Los encurtidos se definen como alimentos que se conservan en una disolución de agua y sal, pudiendo contener, además, vinagre y otros elementos, como diversas especias. La función original de los encurtidos, que se remonta a la Mesopotamia de hace 4000 años, es la de conservar los alimentos durante largos periodos de tiempo.
Los alimentos que se conservan encurtidos son principalmente vegetales, pudiéndose también conservar productos de origen animal como el huevo o el pescado, como los arenques. En España, y especialmente en el levante, los productos que se encurten son principalmente vegetales, por su abundante producción, como ocurre con el pepino, pimiento, aceituna, cebolla, coliflor, zanahoria o tomate. Otro aperitivo que no puede faltar en la mesa de una familia valenciana, es un tradicional y buen encurtido de calidad o producto en salmuera.
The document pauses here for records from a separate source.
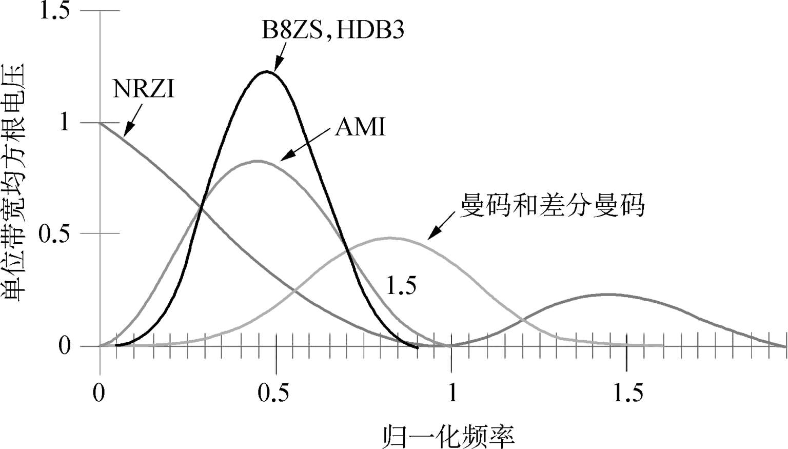 (1)编码信号中不含直流分量,数字信号带宽尽量窄,信号频谱的最高点最好在带宽的中央;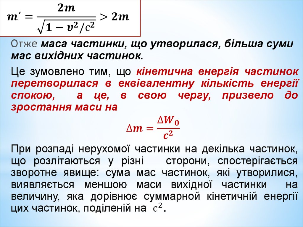 Взаємозв'язок маси і енергії спокою.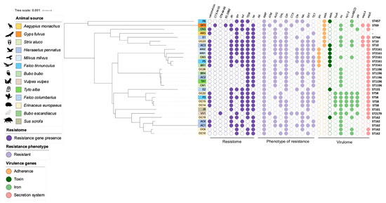 The identification of multiple phylogroups within the E. coli isolates indicates genetic diversity. The presence of strains belonging to phylogroups A, B1, D, and F aligns with the common phylogroups found in E. coli. Commensal strains usually belong to phylogroup A, phylogroup B1 is often found in environmental isolates, and phylogroups D and F may include both commensal and pathogenic strains depending on the specific strain’s virulence factors [61]. The isolate belonging to the phylogroup D was isolated from the species Gyps fulvus, which is a species that is exposed to diverse environments potentially harboring and spreading various bacterial strains. This animal was captured by the recovery center of CERAS but was not undergoing antibiotic treatment when the fecal sample was collected, which means it was part of the animal microbiota since no selective pressure was being induced. The circulation of pathogenic E. coli strains in the environment poses a zoonotic risk since such strains may infect livestock and humans or be transmitted from wildlife to livestock or human populations, particularly where vultures or other wildlife interact with human populations, farms, or urban environments. Furthermore, the phylogenetic tree showed a great genetic diversity between the 29 E. coli isolates, where some isolates detected on mammals were more genetically related to wild bird isolates. This suggests an interesting ecological context since the bacterial strains may be adapted to a specific ecological niche that is conducive to both wild mammals and wild birds. Also, the genetic relatedness may reflect a shared evolutionary history, indicating that these strains have a common ancestry that predates the divergence between these isolates.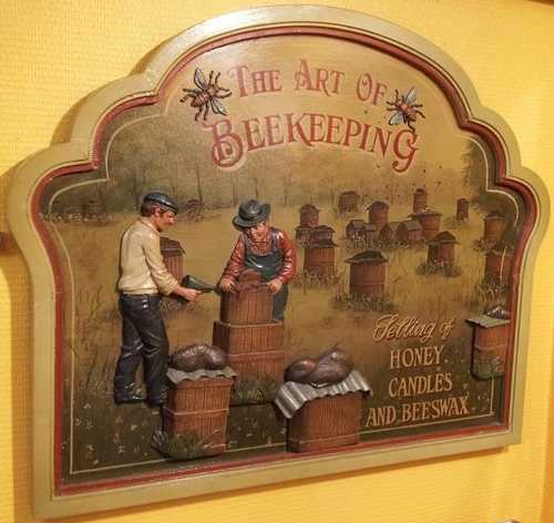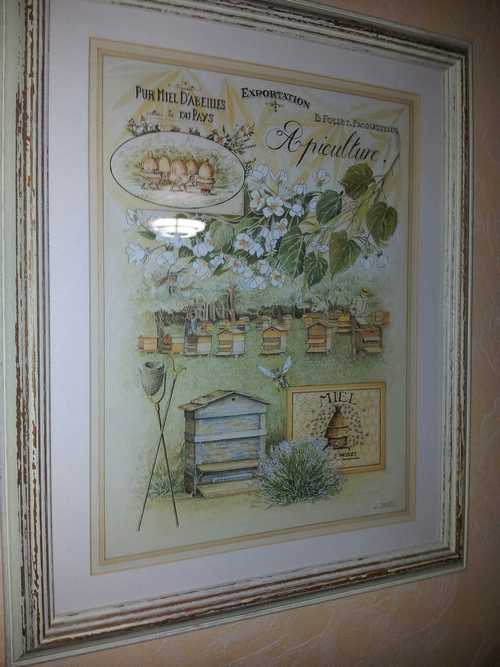 Etant donné la décrépitude de l'apiculture française, (pour ceux qui continuaient à mater les nanas pendant les cours de français, la décrépitude vient après la vieillesse, c'est à dire quasiment à l'article de la mort!), et comme je me dois de ne pas faire de publicité mensongère, il faut donc s'adapter à la situation, et accepter de "repiquer" ce tableau, c'est à dire remplacer le texte en bas à droite par:"Selling of queens and swarms", c'est à dire Vente de reines et d'essaims, puisque nos abeilles butineuses survivantes ne donnent quasiment plus de miel, idem pour les cireuses. Je vais donc me mettre en quête d'un artiste, surement étudiant aux beaux-arts, pour faire cette "mise à jour". Mais étant donné le TOD, le taux de descente de l'apiculture, nous tarderons pas à percuter le sol, je prévois donc de faire cette "mise à jour" de façon temporaire sur un support pelable, de façon à faire apparaître l'inscription ultime, c'est à dire "in memory of", en mémoire de.

Existe infinidad de productos macerados en agua y sal, sosa o vinagre (coliflor, pepino, calabaza, rábanos, zanahorias, alcaparras, alcaparrón, berenjenas, aceitunas...). Recuerdo a mi abuelo como preparaba los pimientos en vinagre, los tomates verdes en salmuera (Salmorra en valenciano) o las que más le gustaban, las guindillas (cirereta o vitet).
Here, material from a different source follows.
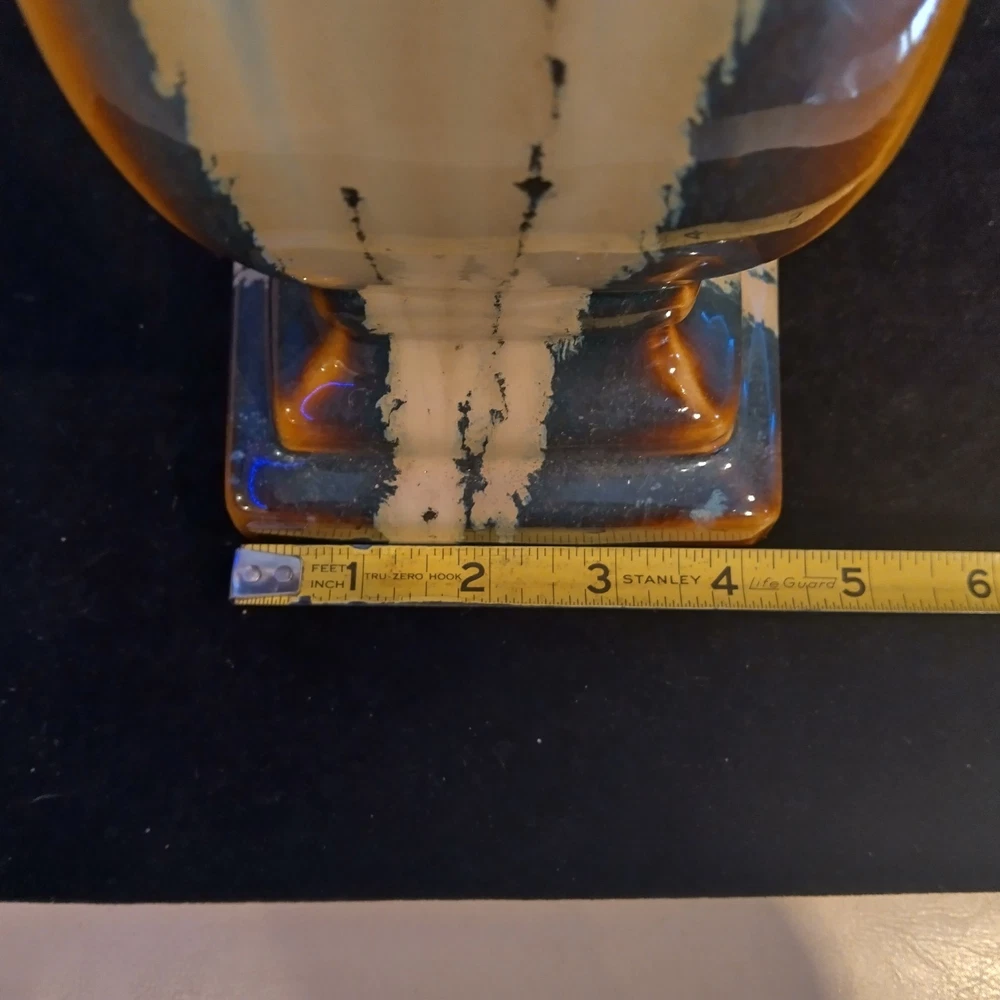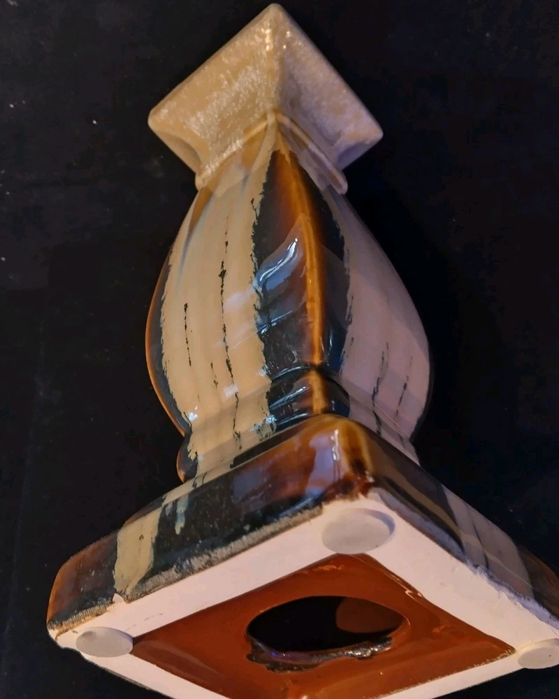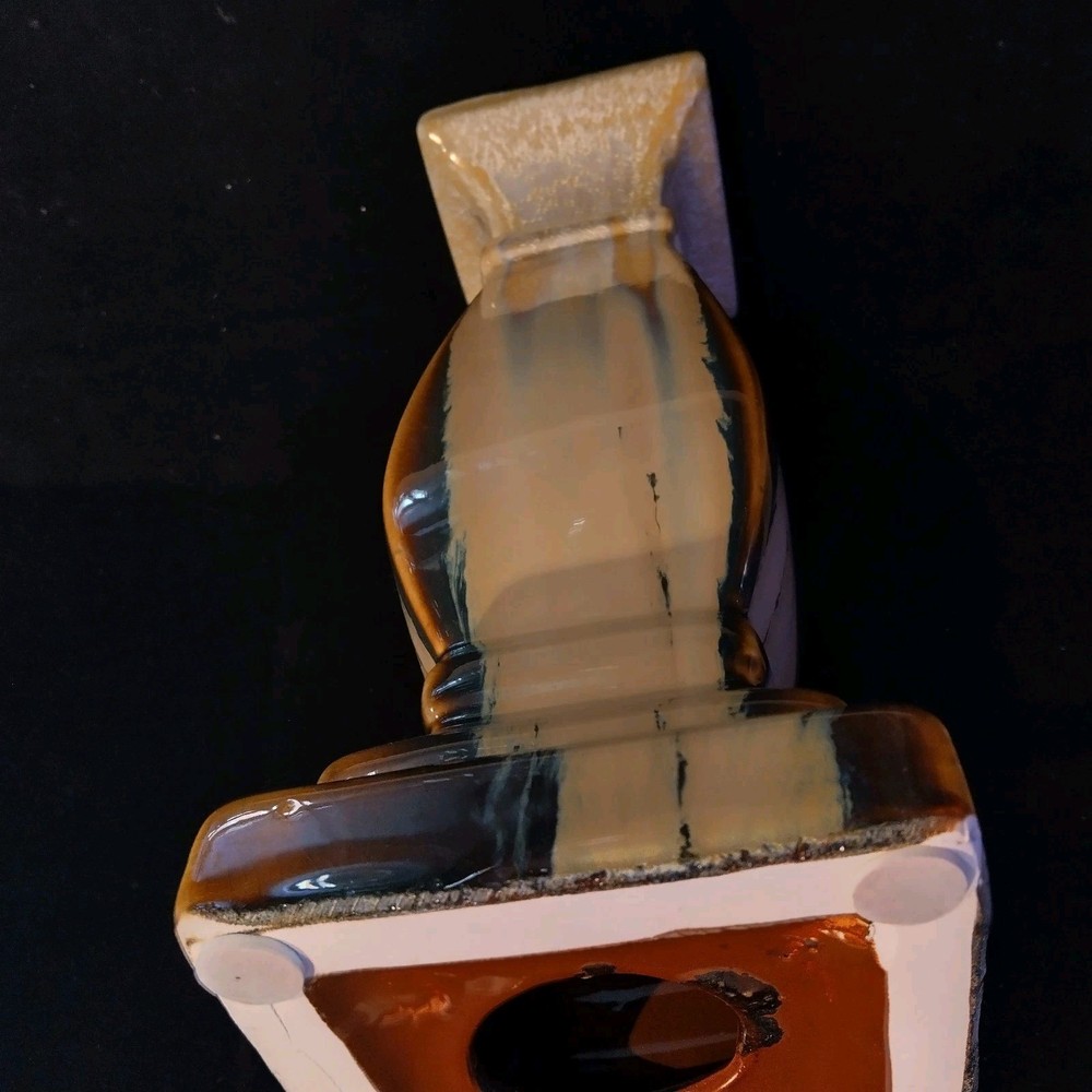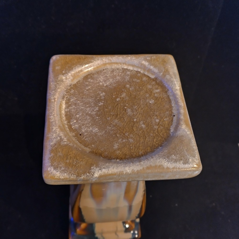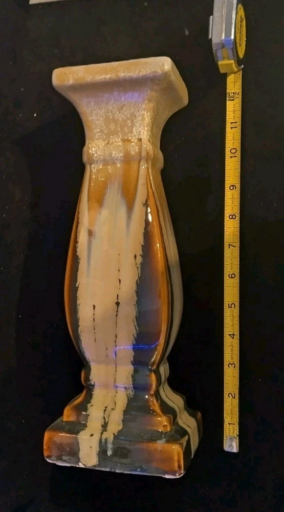 This beautiful pedestal candle holder is a stunning addition to any home decor. The multicolor design features a drip pattern. The glossy finish and arts & crafts/mission style make it a perfect statement piece for any room. Crafted from high-quality ceramic, this original piece is unsigned and weighs 3 pounds. The candlestick is 12 inches tall, with a diameter of 5 inches and has a production style of art pottery with a technique of pottery. It is a perfect item for those who appreciate art and want to add a touch of elegance to their home. Please see photos for exact condition. All offers considered.

Historia y Tradición de los Encurtidos
La planta del pimiento es originaria de México, Bolivia y Perú, donde además del Capsicum annuum L. Los pimientos llegaron a Europa en el primer viaje realizado por Colón en el año 1493 a América. La introducción del pimiento en Europa supuso un avance importante en las costumbres culinarias debido a que se empleaba como complemento de una especia muy popular, la pimienta negra, de hecho, llegó incluso a sustituirla. Su consumo en Europa data de hace varios siglos; sin embargo, las variedades de pimientos grandes, suaves y poco picantes que se consumen en la actualidad se consiguieron a principios del siglo XX gracias a los cultivos intensivos.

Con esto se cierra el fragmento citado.